MATERIAL FOR THIS TASK START

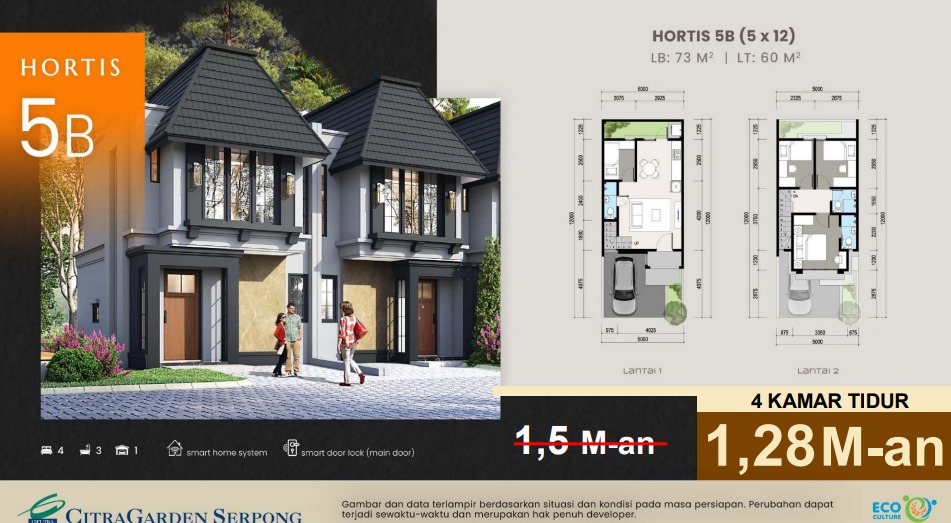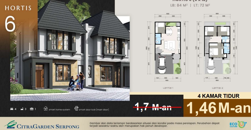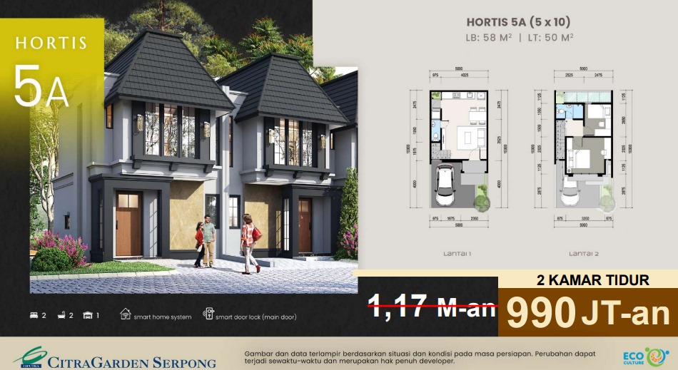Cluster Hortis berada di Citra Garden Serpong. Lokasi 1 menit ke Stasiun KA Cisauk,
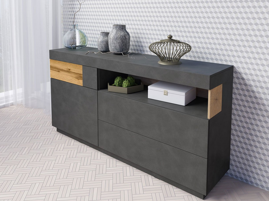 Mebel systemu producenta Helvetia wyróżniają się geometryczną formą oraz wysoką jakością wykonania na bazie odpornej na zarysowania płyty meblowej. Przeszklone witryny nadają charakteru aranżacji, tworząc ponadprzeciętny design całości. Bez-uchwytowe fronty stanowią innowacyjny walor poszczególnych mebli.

MATERIAL FOR THIS TASK END
MATERIAL FOR THIS TASK START

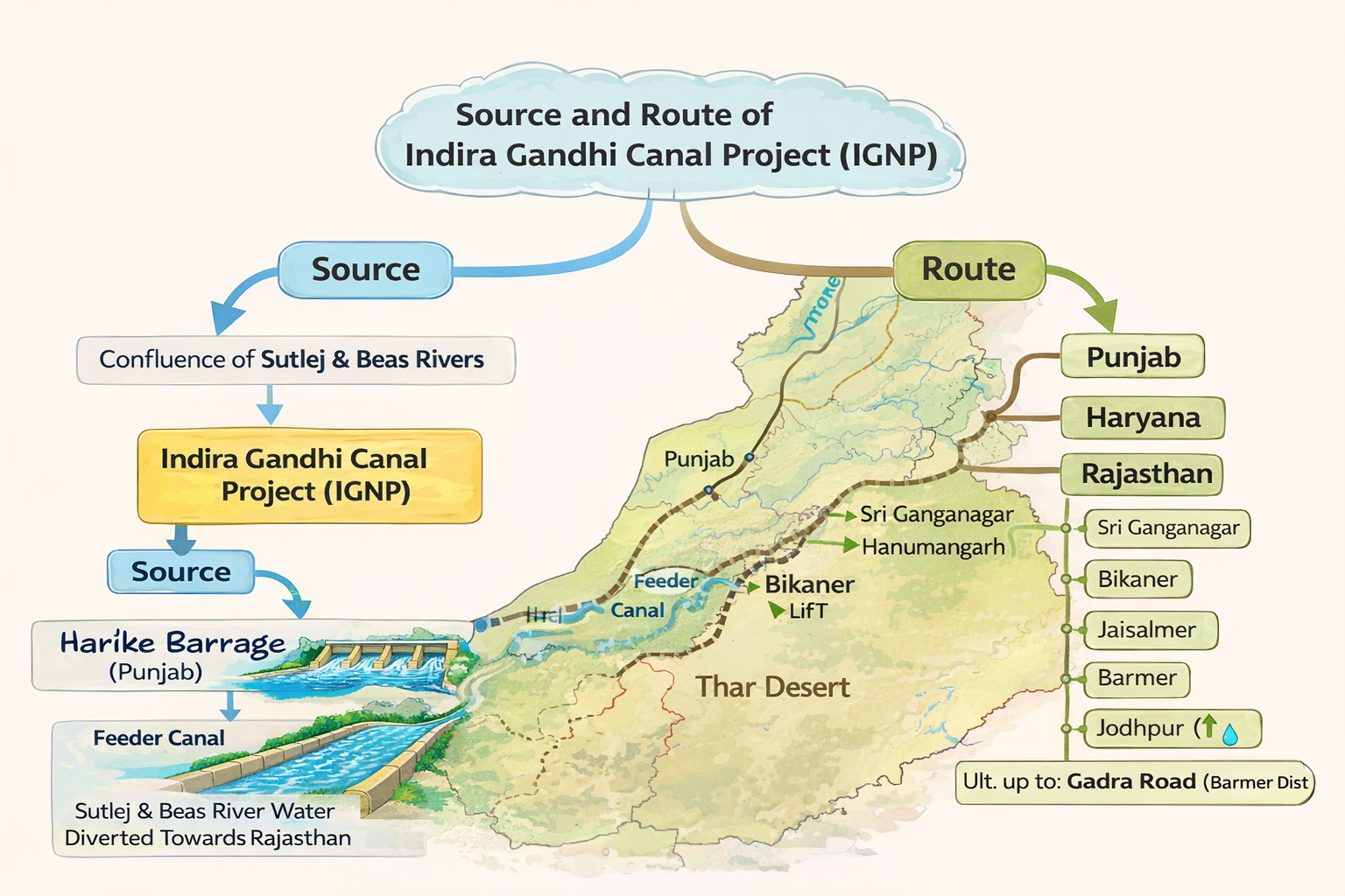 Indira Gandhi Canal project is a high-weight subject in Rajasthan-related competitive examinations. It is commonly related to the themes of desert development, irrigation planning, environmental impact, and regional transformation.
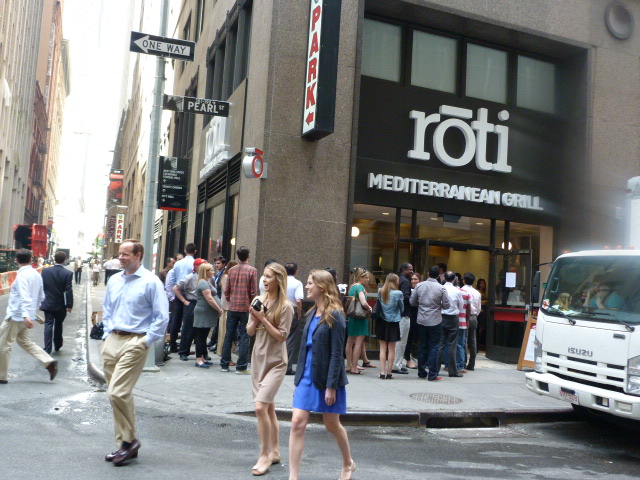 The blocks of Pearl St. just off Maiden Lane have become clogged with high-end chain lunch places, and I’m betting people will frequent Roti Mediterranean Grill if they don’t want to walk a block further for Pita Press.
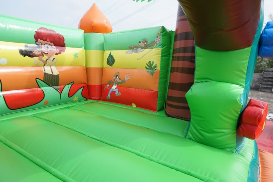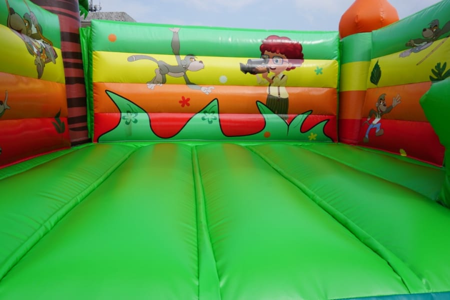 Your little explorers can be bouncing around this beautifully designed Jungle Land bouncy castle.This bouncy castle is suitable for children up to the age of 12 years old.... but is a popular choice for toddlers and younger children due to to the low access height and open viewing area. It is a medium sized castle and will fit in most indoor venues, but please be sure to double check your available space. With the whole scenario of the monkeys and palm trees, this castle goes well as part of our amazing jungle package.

MATERIAL FOR THIS TASK END

**TASK DIRECTIONS**
Copy needed, without pictures: the lines of the listing above from the line containing "Cluster Hortis berada" up to and including the line containing "Mebel systemu producenta", set down exactly.

**ANSWER FOR THIS EXERCISE**
Cluster Hortis berada di Citra Garden Serpong. Lokasi 1 menit ke Stasiun KA Cisauk,
 Mebel systemu producenta Helvetia wyróżniają się geometryczną formą oraz wysoką jakością wykonania na bazie odpornej na zarysowania płyty meblowej. Przeszklone witryny nadają charakteru aranżacji, tworząc ponadprzeciętny design całości. Bez-uchwytowe fronty stanowią innowacyjny walor poszczególnych mebli.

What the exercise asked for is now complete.